Con respeto e inevitable angustia, con ofuscación desconsolada ante recuerdos de hechos que, por suerte, no vivimos, pero que son un enorme peso para cualquier ser humano sensible; con espanto ante el poder del mal y de la muerte, reflexiono sobre la conmemoración –rememorar ‘con’- del día de la liberación del campo de Auschwitz, hace 75 años, a la cual asisten más de 200 ancianos que, en sus años infantiles, poblaron el horror de ese campo. Evocan crímenes sin comparación posible. Ojalá la vida les haya ahorrado, en su infancia, la comprensión de sus padres gaseados, de multitudes sometidas en hornos a la acción de gases asfixiantes: del horror al interior de esos ‘crisoles’ donde cientos de judíos sufrían la infinita lentitud de segundos atroces… ¿Qué sentimientos albergaban quienes crearon el horror, quienes lo sostuvieron con disciplina ideal, los ejecutores? Seguros, en su demencia, de que hacían bien, he aquí su desgracia: la convicción de que tenían razón.
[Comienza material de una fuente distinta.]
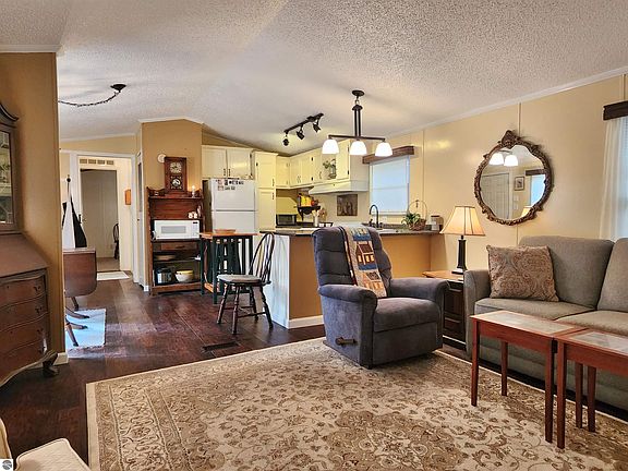 This 3BR, 2 bath, 1995 Skyline mobile home is located in Evergreen Village. The peacefulness of the Pine River is just across the street with beautiful views, sounds of ducks & geese and the opportunity to toss in a fishing line. The condition of the home has seen numerous updates since 2017, including kitchen updates, both bathrooms, flooring, water heater, light fixtures, plumbing fixtures and the built-in entertainment center all making this home very enjoyable. At closing the buyer to pay the sales tax & the seller to pay the transfer fee. Subject to park approval of the buyer. Park Manager is tammy (989-681-2953). Lot rent is $453/mo. which includes trash, water & sewer.

Hoy, los sobrevivientes piden que no se olvide lo ‘des-vivido’. Y aunque parezca locura, cabe comparar lo sufrido entonces, las vidas malogradas en atroces ceremonias de muerte, con la existencia actual de pueblos mordidos por la corrupción, con el hambre de tantos en las llamadas democracias, con el abuso de los poderosos. ¿Cómo haber robado tanto, cómo haber abusado de su autoridad, tan fácilmente; cómo no haberse conmovido desde el poder que debería ser un panóptico, ámbito desde el cual verlo todo, como quería Foucault y lo aplicaba a una estructura arquitectónica diseñada para cárceles pero, en rigor, fórmula deseable para que el poder se ilumine con una mirada abarcadora: pobreza, desigualdad, minusvalidez evidente de la mayoría sin justicia, alegría ni esperanza. Quizás entonces los poderosos se pondrían en la piel de los desharrapados.
Las ideologías y las mentiras que provocaron el horror de los hornos de gas prevalecen en nuestro tiempo (pensemos en la situación del pueblo palestino, que los sionistas ya olvidaron…) y prevalecen en nuestra patria, con formas menos evidentes, pero no menos criminales. Tomemos conciencia de ellas y denunciemos la ‘democracia’ que tolera el latrocinio de los poderosos; la que promueve y acepta el voto alcanzado por los populistas a base de mentiras y promesas falaces.
La insensibilidad, el olvido que permitió el horror que hoy nos prohibimos olvidar, no son distintos de los que sostienen nuestra indiferencia, de los que nos la muestran como normalidad. ¿Es normal el hambre ante la holgura, el robo ante la miseria, los maestros indiferentes a su misión humanizadora? Todo es olvido, sin campos concentracionarios, pero con caravanas de hondureños; con México, Haití, Trump, Bolsonaro, Correa, la Kirchner…; emigrantes en pateras, sociedades que aíslan y olvidan a los pobres: he aquí nuestros campos.